→ **TASK PROMPT**:
Return the listing below verbatim. Pictures do not belong in the copy.

→ **DATASET SECTION**:
*** Begin section ***
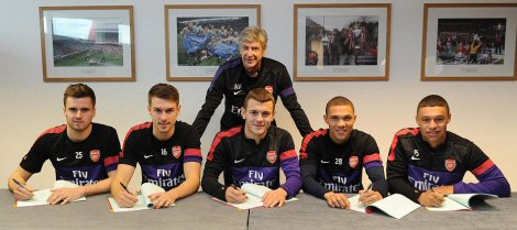 Premier Lig ekiplerinden Arsenal 5 genç oyuncusuyla uzun süreli kontratlar imzalayarak geleceğini teminat altına aldı. Londra ekibi, Jack Wilshere, Alex Oxlade-Chamberlain, Kieran Gibbs, Aaron Ramsey ve Carl Jenkinson ile sözleşme tazeledi.
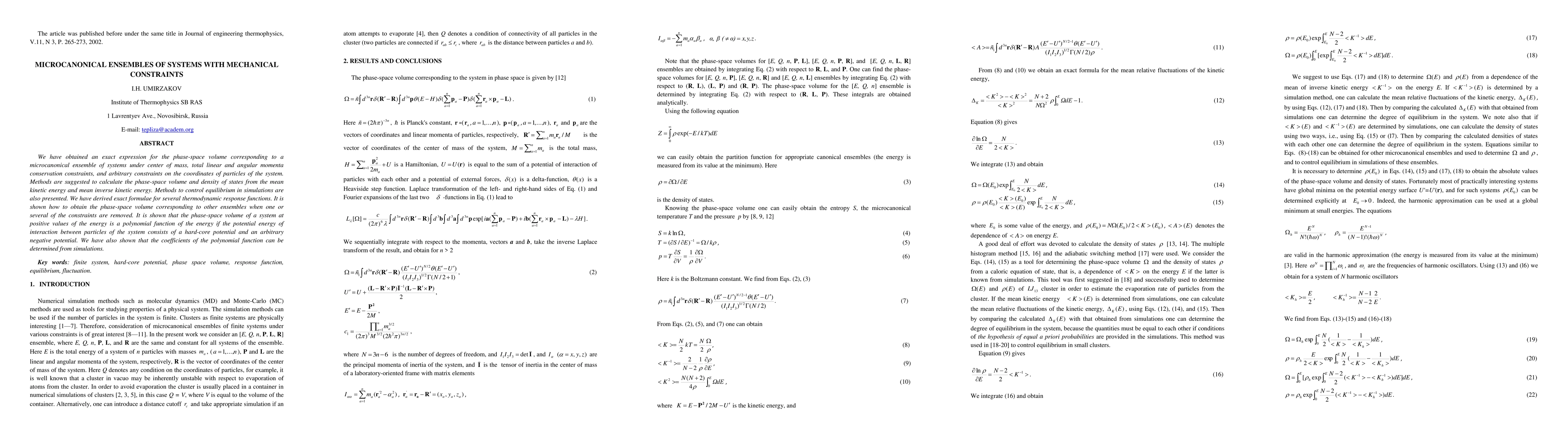This paper presents an exact expression for the phase-space volume of microcanonical ensembles under various mechanical constraints, including center of mass, linear and angular momenta conservation. It also provides methods to calculate phase-space volume and density of states from kinetic energy metrics and discusses techniques for controlling equilibrium in simulations.
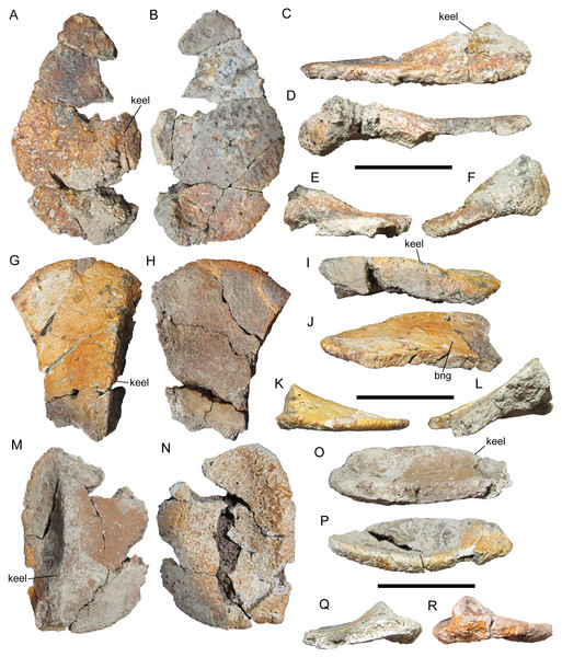 Detalhe da armadura do espécime AMNH de Sauropelta edwardsorum. A morfologia dos osteodermos de nodossaurídeos como Sauropelta é diretamente comparada com os caracteres de Thyreophora analisados por Maidment et al. (2018), sendo relevante para entender a filogenia de Borealopelta.
*** End section ***
→ **RESULT OF THE TASK**:
 Premier Lig ekiplerinden Arsenal 5 genç oyuncusuyla uzun süreli kontratlar imzalayarak geleceğini teminat altına aldı. Londra ekibi, Jack Wilshere, Alex Oxlade-Chamberlain, Kieran Gibbs, Aaron Ramsey ve Carl Jenkinson ile sözleşme tazeledi.
This paper presents an exact expression for the phase-space volume of microcanonical ensembles under various mechanical constraints, including center of mass, linear and angular momenta conservation. It also provides methods to calculate phase-space volume and density of states from kinetic energy metrics and discusses techniques for controlling equilibrium in simulations.
 Detalhe da armadura do espécime AMNH de Sauropelta edwardsorum. A morfologia dos osteodermos de nodossaurídeos como Sauropelta é diretamente comparada com os caracteres de Thyreophora analisados por Maidment et al. (2018), sendo relevante para entender a filogenia de Borealopelta.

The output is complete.